I'm looking for $\pi_1(S(K\lor T))$; I know that for klein bottle $K$ and torus $T$ we can represent each of these as as
$$K = S^2 \lor S^1 \lor S^1$$ and
$$T = S^1 \times S^1, $$ which hasn't helped, and I know the representation of the fundamental group of $K$ as $\langle a,b \mid aba^{-1}b\rangle$ and the fundamental group of the torus is $Z \times Z$, but I really just am at a total loss of what to do. I've tried looking at them as cell complexes, but once I wedge them I have no idea how to go about suspending the connected sum.
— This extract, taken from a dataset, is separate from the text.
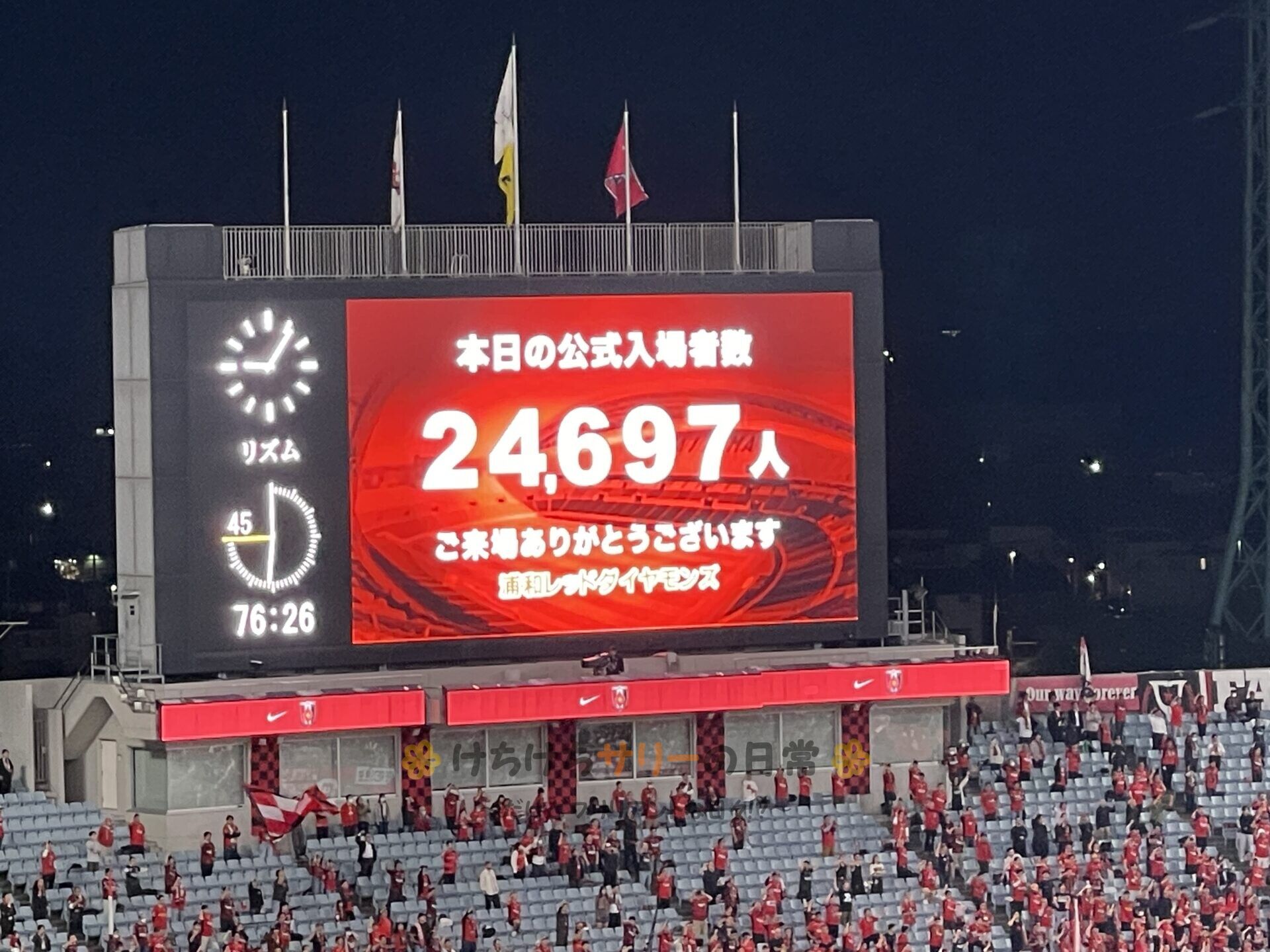この日の入場者数は24,697人😮 平日だというのに、ゴールデンウィークの富山戦(4,803人)の5倍も応援に来てるよ! これぞ日本一、いや、世界一と言われる浦和サポだね😤

Been thinking about this problem for a solid month and I finally have some time, so any help is much appreciated.
Best Answer
The two spaces $K$ and $T$ are both path connected and so does $K\vee T$, since any two point $a\in K, b\in T$ and be connected by a composite path $f*g$ from $a$ to $b$ where $f(0)=a,f(1)=g(0)=x_0,g(1)=b$ ($x_0$ is the basepoint and also the common point).
Denote $K\vee T$ by $X$.
The suspension of X can be obtained by a quotient map $q:X\times I\to SX$. Now the basepoint $x_0$ is sent to $x'_0=q(x_0,\frac{1}{2})$. Then Consider two open path connected subspace of $I$ ,they are $(m,1]$ and $[0,n)$ where $m\in(0,1/2),n\in(1/2,1)$, then $ x'_0\in q(X\times (m,1])\cap q(X\times [0,n))$.
Now, let $A=q(X\times (m,1])$ and $B=q(X\times [0,n))$, both of them are contractible because we can slide each point through a path pointing to $SX\times\{1\}$ and $SX\times \{0\}$, respectively. Take $A$ as an example, it can be contract by $$ G_A((x,s),t)=(x,(1-s)t+s) $$ A similar construction works for $B$. So, $\pi_1(A,x'_0)\approx\pi_1(B,x'_0)=0$ and by Seifert-Van Kampen Thm (we can use it because $X$ is path-connected), $ \pi_1(SX,x'_0)$ is trivial.